-- Records supplied follows --

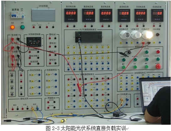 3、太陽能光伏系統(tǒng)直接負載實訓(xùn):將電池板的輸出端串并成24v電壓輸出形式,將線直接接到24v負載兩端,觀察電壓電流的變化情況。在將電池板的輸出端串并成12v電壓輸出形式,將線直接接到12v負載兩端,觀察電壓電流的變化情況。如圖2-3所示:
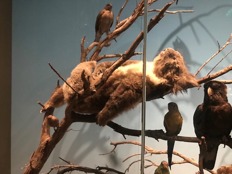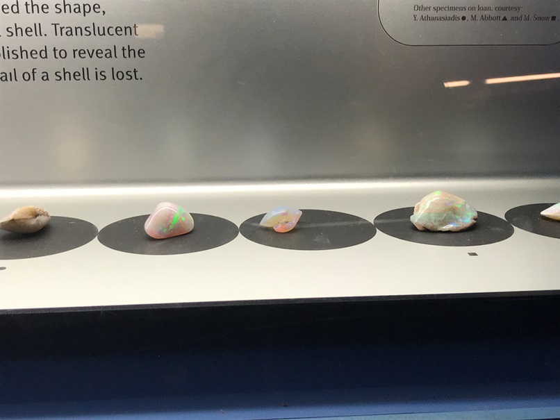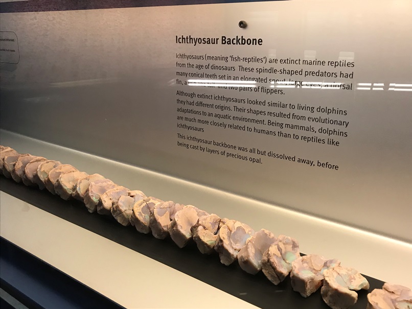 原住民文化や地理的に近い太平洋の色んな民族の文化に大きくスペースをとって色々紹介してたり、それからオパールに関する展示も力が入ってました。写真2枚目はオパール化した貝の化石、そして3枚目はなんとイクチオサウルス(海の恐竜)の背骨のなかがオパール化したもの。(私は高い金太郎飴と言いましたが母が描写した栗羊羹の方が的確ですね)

-- Records supplied concluded --
-- Records supplied follows --

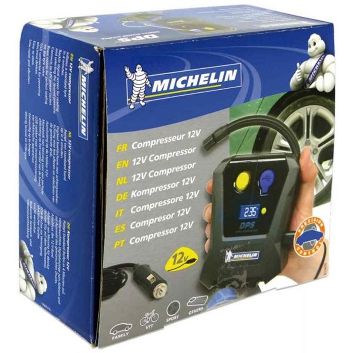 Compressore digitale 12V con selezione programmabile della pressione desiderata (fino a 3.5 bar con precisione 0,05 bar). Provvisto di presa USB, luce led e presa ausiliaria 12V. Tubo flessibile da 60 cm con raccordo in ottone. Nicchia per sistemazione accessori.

-- Records supplied concluded --
-- Records supplied follows --

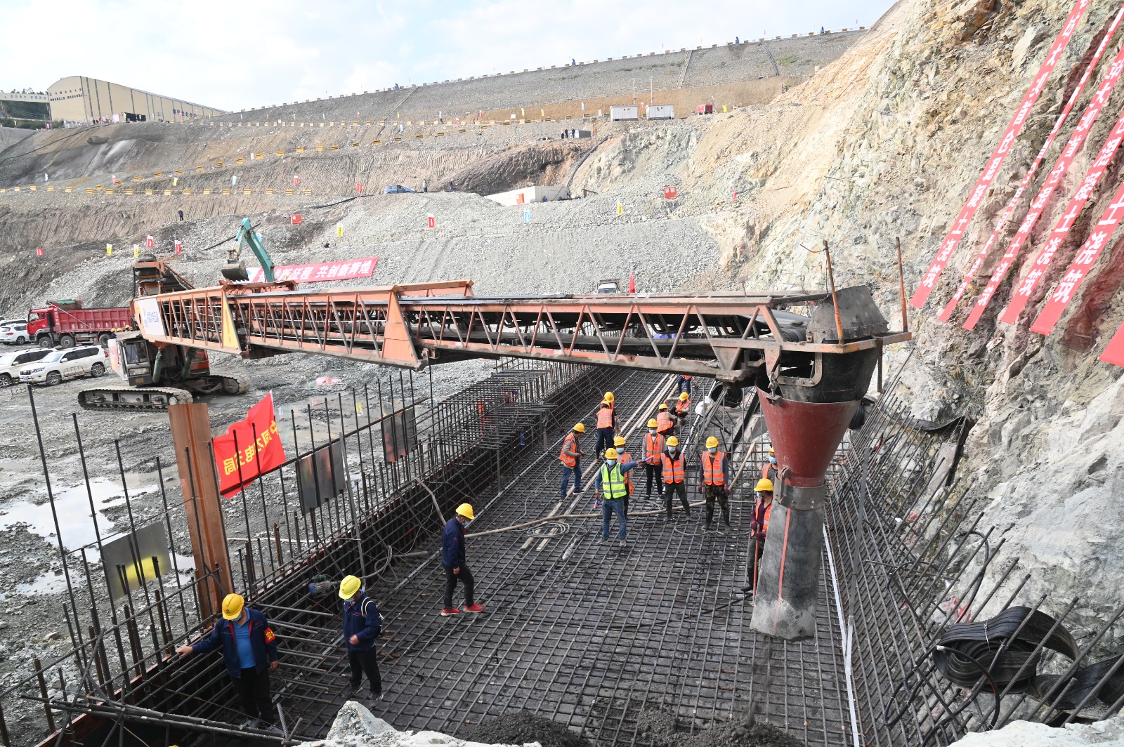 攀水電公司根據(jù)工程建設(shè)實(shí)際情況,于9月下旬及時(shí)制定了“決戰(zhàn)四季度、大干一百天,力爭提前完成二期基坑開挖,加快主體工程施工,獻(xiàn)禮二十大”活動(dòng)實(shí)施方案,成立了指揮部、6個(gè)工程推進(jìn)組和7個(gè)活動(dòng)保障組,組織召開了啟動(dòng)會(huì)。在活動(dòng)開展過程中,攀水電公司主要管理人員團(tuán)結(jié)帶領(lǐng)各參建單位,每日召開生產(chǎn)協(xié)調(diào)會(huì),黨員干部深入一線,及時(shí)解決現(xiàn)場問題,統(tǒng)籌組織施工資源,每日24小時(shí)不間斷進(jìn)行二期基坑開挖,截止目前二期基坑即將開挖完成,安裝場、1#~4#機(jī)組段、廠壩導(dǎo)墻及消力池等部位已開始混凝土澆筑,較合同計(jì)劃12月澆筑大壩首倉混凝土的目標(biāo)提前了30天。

-- Records supplied concluded --

- Work to complete -
Set the pictures aside and reproduce exactly the lines above, from the line holding "3、太陽能光伏系統(tǒng" through the line holding "原住民文化や地理的に近い太平", both included, with nothing else.

- Answer to the problem -
 3、太陽能光伏系統(tǒng)直接負載實訓(xùn):將電池板的輸出端串并成24v電壓輸出形式,將線直接接到24v負載兩端,觀察電壓電流的變化情況。在將電池板的輸出端串并成12v電壓輸出形式,將線直接接到12v負載兩端,觀察電壓電流的變化情況。如圖2-3所示:
 原住民文化や地理的に近い太平洋の色んな民族の文化に大きくスペースをとって色々紹介してたり、それからオパールに関する展示も力が入ってました。写真2枚目はオパール化した貝の化石、そして3枚目はなんとイクチオサウルス(海の恐竜)の背骨のなかがオパール化したもの。(私は高い金太郎飴と言いましたが母が描写した栗羊羹の方が的確ですね)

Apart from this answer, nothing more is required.